(Provided data begins)
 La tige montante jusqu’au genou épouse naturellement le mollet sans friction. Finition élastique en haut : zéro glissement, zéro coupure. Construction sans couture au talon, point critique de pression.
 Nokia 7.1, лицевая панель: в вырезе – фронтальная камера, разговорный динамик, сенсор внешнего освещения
(Provided data ends)
(Provided data begins)
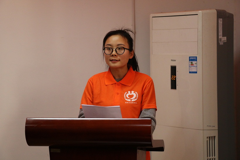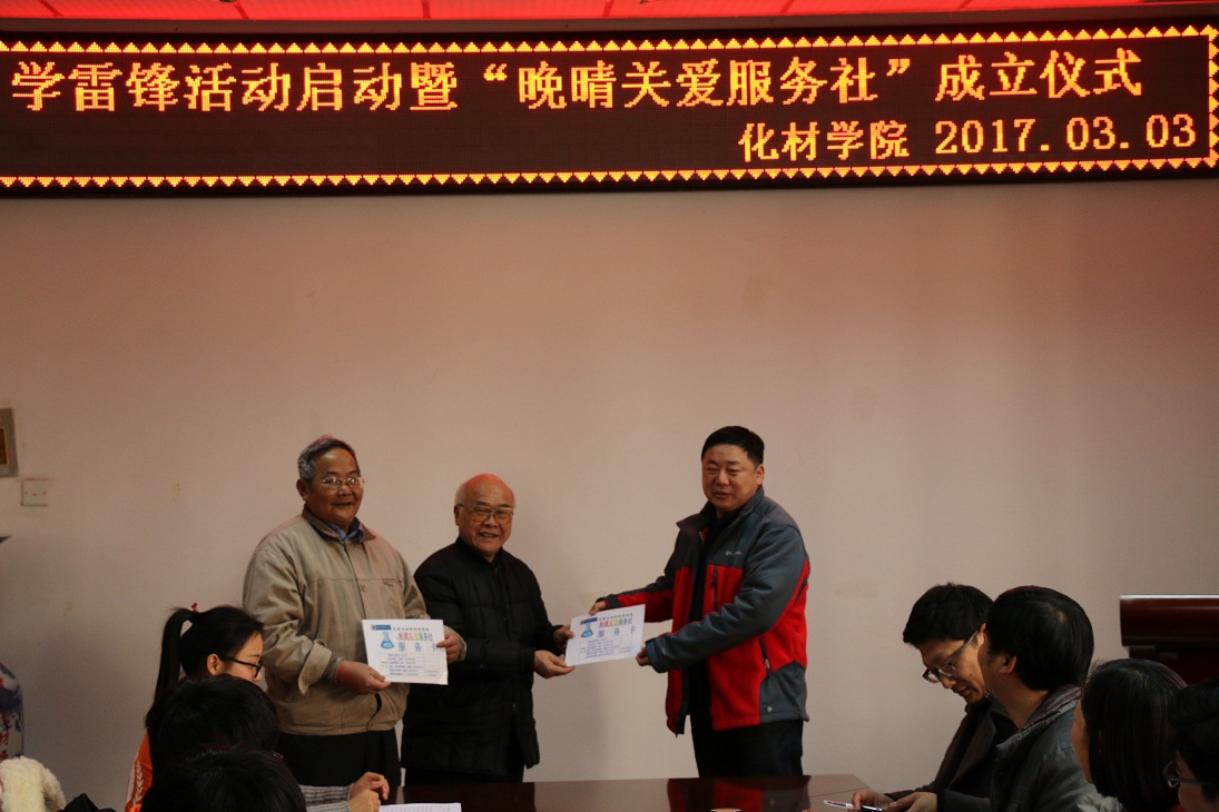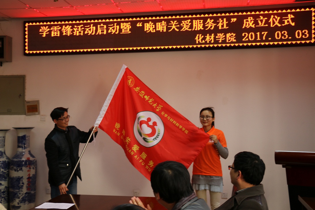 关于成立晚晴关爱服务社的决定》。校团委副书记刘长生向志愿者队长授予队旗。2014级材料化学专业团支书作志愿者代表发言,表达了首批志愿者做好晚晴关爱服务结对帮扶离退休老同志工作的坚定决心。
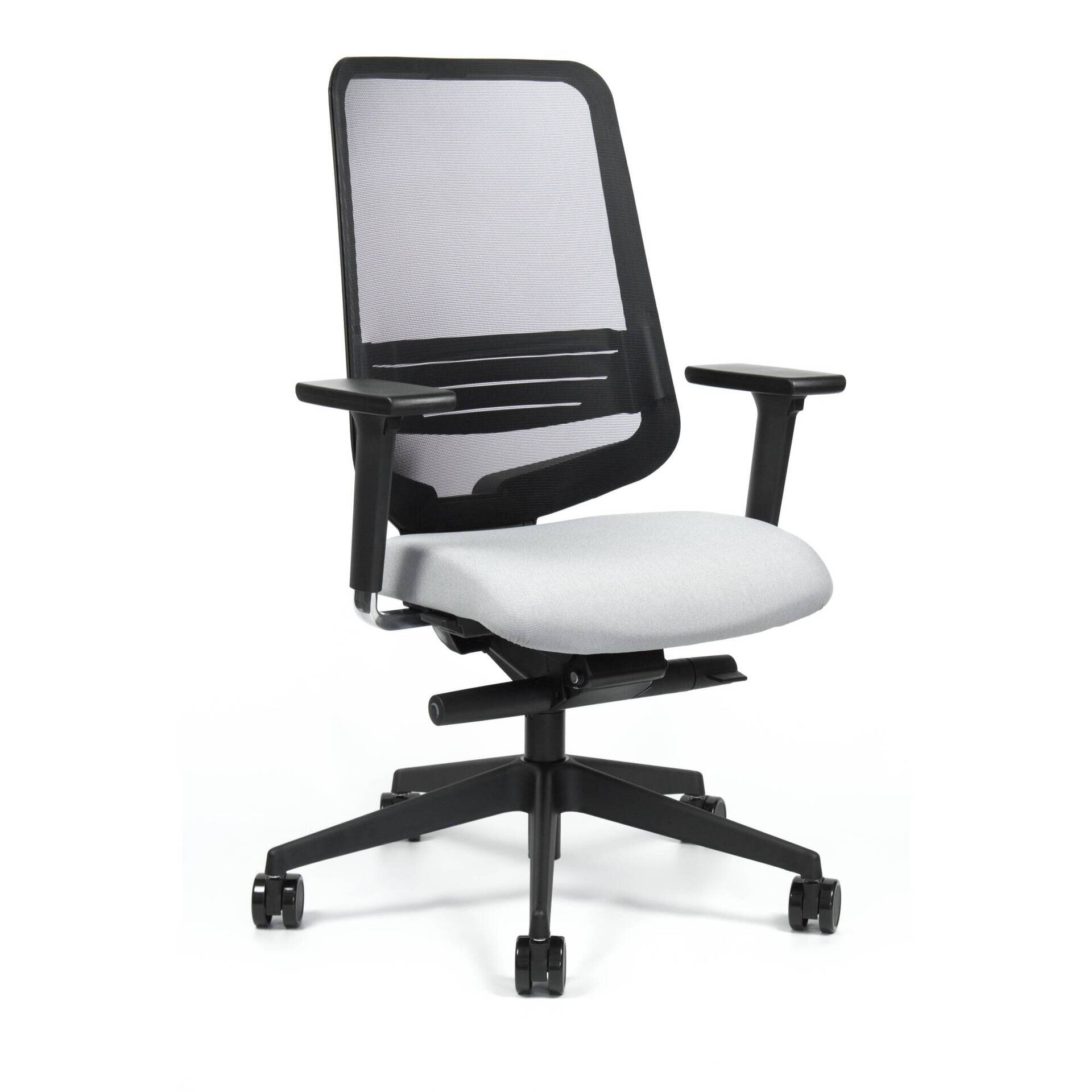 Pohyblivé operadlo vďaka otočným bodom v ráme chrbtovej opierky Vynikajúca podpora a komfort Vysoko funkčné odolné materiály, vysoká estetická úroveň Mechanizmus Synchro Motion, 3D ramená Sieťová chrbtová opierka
(Provided data ends)
Task to complete: Now transcribe the lines above exactly, starting at the line containing "关于成立晚晴关爱服务社的决定" and ending at the line containing "Pohyblivé operadlo vďaka", both lines included, pictures excluded.

Exercise response:
 关于成立晚晴关爱服务社的决定》。校团委副书记刘长生向志愿者队长授予队旗。2014级材料化学专业团支书作志愿者代表发言,表达了首批志愿者做好晚晴关爱服务结对帮扶离退休老同志工作的坚定决心。
 Pohyblivé operadlo vďaka otočným bodom v ráme chrbtovej opierky Vynikajúca podpora a komfort Vysoko funkčné odolné materiály, vysoká estetická úroveň Mechanizmus Synchro Motion, 3D ramená Sieťová chrbtová opierka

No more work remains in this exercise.